The usefulness of cardiac troponin and NT-proBNP as prognostic markers in CHF is well recognized [
37]. Similarly, biochemical markers of myocardial injury have been associated with higher mortality in SARS-CoV-2 infection suggesting their potential role as a risk stratification tool [
18,
32,
38,
39]. There is scarce data about the prognostic value of these biomarkers in CHF patients with COVID-19. Dong et al. has described severe myocardial injury in patients with end-stage HF during COVID-19 and its association with disease progression and mortality [
15]. In our HF cohort, 84% of patients had Hs-TnT measurement above normal values, probably due to preceding myocardial injury and more susceptible myocardium to virus insult. Although troponin values should be interpreted with caution in CHF population due to chronic myocardial injury [
18], it seems to be a relationship between Hs-TnT on admission and prognosis. In fact, Hs-TnT levels below normal range were associated with better prognosis in the present study. Considering that the Hs-TnT cut-off value identified by ROC curves was rather low and associated with low sensitivity and specificity, we consider that the easiest approach would be to consider any patients with Hs-TnT above > 14 ng/L as a high-risk patient. The majority of previous studies focused on troponin release as the biomarker associated with acute myocardial injury in non-selected populations [
4,
18]. A recent study that focused on CHF patients admitted to hospital with SARS-CoV2 infection shows an association between increased troponin concentrations and in-hospital mortality in this specific population. However, NT-proBNP was not significantly associated with mortality [
11]. The prognostic value of NT-proBNP in viral respiratory infections has been previously described [
40]. A recent study conducted in a non-selected population of patients admitted to hospital with SARS-CoV2 infection underlined that a NT-proBNP level > 300 pg/mL on admission was an independent predictor of mortality or need for mechanical ventilation. The authors also emphasize that the NT-proBNP even improved the prognostic accuracy of Hs-TnT for the outcomes analyzed [
32]. In patients with severe COVID-19, an NT-proBNP > 88.64 pg/mL on admission was independently associated with in-hospital mortality suggesting its usefulness as a specific index of COVID19 disease severity [
41]. The overall median NT-proBNP described in the present study was high in both groups probably due to old age and high prevalence of CV risk factors and disease in our population. As expected, NT-proBNP levels were higher in CHF patients. However, a cut-off of NT-ProBNP > 2598 ng/dL on admission was strongly associated with poor prognosis in CHF patients infected with SARS-CoV-2.

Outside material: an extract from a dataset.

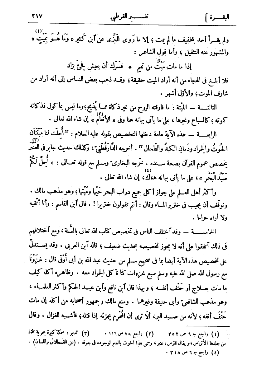 فَلَا أَبْلَغَ فِي الْهِجَاءِ مِنْ أَنَّهُ أَرَادَ الْمَيِّتَ حَقِيقَةً، وَقَدْ ذَهَبَ بَعْضُ النَّاسِ إِلَى أَنَّهُ أَرَادَ مَنْ شَارَفَ الْمَوْتَ، وَالْأَوَّلُ أَشْهَرُ. الثَّالِثَةُ- الْمَيْتَةُ: مَا فَارَقَتْهُ الرُّوحُ مِنْ غَيْرِ ذَكَاةٍ مِمَّا يُذْبَحُ، وَمَا لَيْسَ بِمَأْكُولٍ فَذَكَاتُهُ كَمَوْتِهِ، كَالسِّبَاعِ وَغَيْرِهَا، عَلَى مَا يَأْتِي بَيَانُهُ هُنَا وَفِي" الْأَنْعَامِ «٢» " إِنْ شَاءَ اللَّهُ تَعَالَى. الرَّابِعَةُ- هَذِهِ الْآيَةُ عَامَّةٌ دَخَلَهَا التَّخْصِيصُ بِقَوْلِهِ عَلَيْهِ السَّلَامُ: (أُحِلَّتْ لَنَا مَيْتَتَانِ الْحُوتُ وَالْجَرَادُ وَدَمَانِ الْكَبِدُ وَالطِّحَالُ). أَخْرَجَهُ الدَّارَقُطْنِيُّ، وَكَذَلِكَ حَدِيثُ جَابِرٍ فِي الْعَنْبَرِ «٣» يُخَصَّصُ عُمُومَ الْقُرْآنِ بِصِحَّةِ سَنَدِهِ. خَرَّجَهُ الْبُخَارِيُّ وَمُسْلِمٌ مَعَ قَوْلِهِ تَعَالَى:" أُحِلَّ لَكُمْ صَيْدُ الْبَحْرِ"، عَلَى مَا يَأْتِي بَيَانُهُ هُنَاكَ «٤»، إِنْ شَاءَ اللَّهُ تَعَالَى. وَأَكْثَرُ أَهْلِ الْعِلْمِ عَلَى جَوَازِ أَكْلِ جَمِيعِ دَوَابِّ الْبَحْرِ حَيِّهَا وَمَيِّتِهَا، وَهُوَ مَذْهَبُ مَالِكٍ. وَتَوَقَّفَ أَنْ يُجِيبَ فِي خِنْزِيرِ الْمَاءِ وَقَالَ: أَنْتُمْ تَقُولُونَ خِنْزِيرًا! قَالَ ابْنُ الْقَاسِمِ: وَأَنَا أَتَّقِيهِ وَلَا أَرَاهُ حَرَامًا. الْخَامِسَةُ- وَقَدِ اخْتَلَفَ النَّاسُ فِي تَخْصِيصِ كِتَابِ اللَّهِ تَعَالَى بِالسُّنَّةِ، وَمَعَ اخْتِلَافِهِمْ فِي ذَلِكَ اتَّفَقُوا عَلَى أَنَّهُ لَا يَجُوزُ تَخْصِيصُهُ بِحَدِيثٍ ضَعِيفٍ، قَالَهُ ابْنُ الْعَرَبِيِّ. وَقَدْ يُسْتَدَلُّ عَلَى تَخْصِيصِ هَذِهِ الْآيَةِ أَيْضًا بِمَا فِي صَحِيحِ مُسْلِمٍ مِنْ حَدِيثِ عَبْدِ اللَّهِ بْنِ أَبِي أَوْفَى قَالَ: غَزَوْنَا مَعَ رَسُولِ اللَّهِ صَلَّى اللَّهُ عَلَيْهِ وَسَلَّمَ سَبْعَ غَزَوَاتٍ كُنَّا نَأْكُلُ الْجَرَادَ مَعَهُ. وَظَاهِرُهُ أَكْلُهُ كَيْفَ مَا مَاتَ بِعِلَاجٍ أَوْ حَتْفَ أَنْفِهِ، وَبِهَذَا قَالَ ابْنُ نَافِعٍ وَابْنُ عَبْدِ الْحَكَمِ وَأَكْثَرُ الْعُلَمَاءِ، وَهُوَ مَذْهَبُ الشَّافِعِيِّ وَأَبِي حَنِيفَةَ وَغَيْرِهِمَا. وَمَنَعَ مَالِكٌ وَجُمْهُورُ أَصْحَابِهِ مِنْ أَكْلِهِ إِنْ مَاتَ حَتْفَ أَنْفِهِ، لِأَنَّهُ مِنْ صَيْدِ الْبَرِّ، ألا ترى أن الحرم يجزئه إذا قتله، فأشبه الغزال. وقال

The present clinical study has certain limitations. This is a single center study with a relatively small sample size; therefore, these results would benefit from a validation cohort. Biomarkers results should be interpreted with caution because we only focused on a single measurement on admission without being systematically collected in all patients. Finally, given the difficulty in establishing a HF diagnosis in the setting of acute respiratory failure and pulmonary infiltrates, it is possible that episodes of acute HF were not identified.